Palestina Ingin 61 Produknya Bebas Bea Cukai Indonesia

    Marcheilla Ariesta - 23 Juli 2019 17:03 WIB
    Palestina Ingin 61 Produknya Bebas Bea Cukai Indonesia
    Jawad Almuty (dua kiri) di Kedubes Palestina di Jakarta, Selasa 23 Juli 2019. (Foto: Medcom.id/Marcheilla Ariesta)
    Jakarta: Produk buah zaitun dan kurma asal Palestina sudah masuk daftar produk bebas bea cukai dari Indonesia. Palestina berharap kebijakan bebas bea cukai ini juga diterapkan untuk puluhan produk lainnya.

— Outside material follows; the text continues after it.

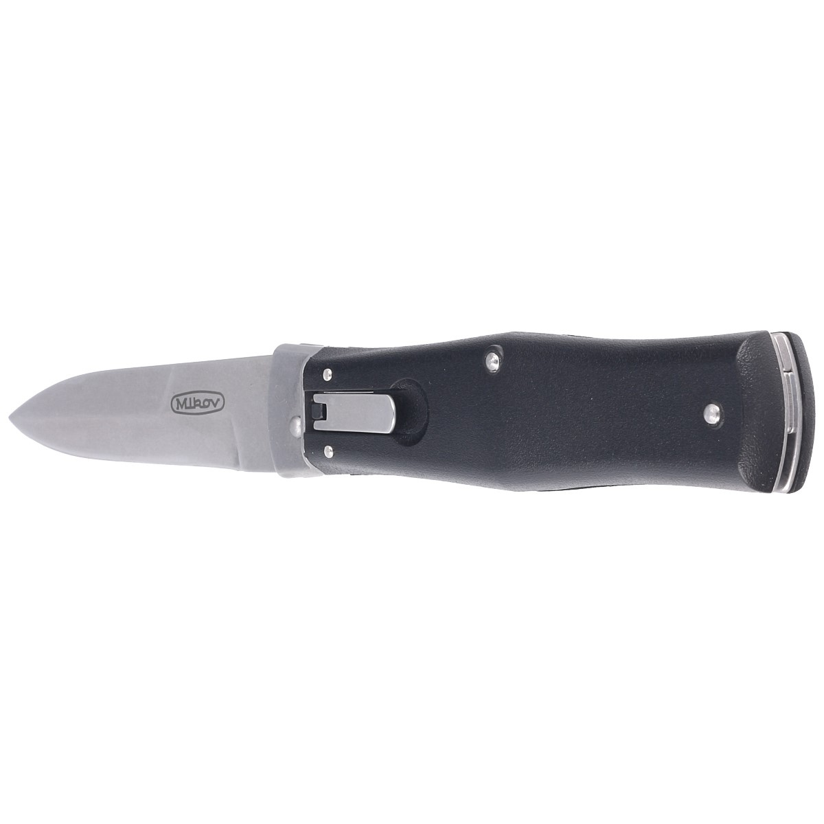 - Predator Black ABS, Stonewashed N690. Mikov automatic knife with clip and ABS linings. Robust, heavy-duty construction, two strong opening springs, and a distinctive click when opening distinguish the Predator from other spring-loaded knives.

    "Kami (Palestina) berterima kasih atas kebijakan Pemerintah Indonesia mengenai pembebasan pajak terhadap produk-produk kurma dan zaitun. Kami berharap 61 produk kami juga dibebaskan bea cukainya," tutur Direktur Pengembangan Perdagangan Kementerian Ekonomi Nasional Palestina, Jawad Almuty, di kantor Kedutaan Besar Palestina di Indonesia, Jakarta, Selasa, 22 Juli 2019.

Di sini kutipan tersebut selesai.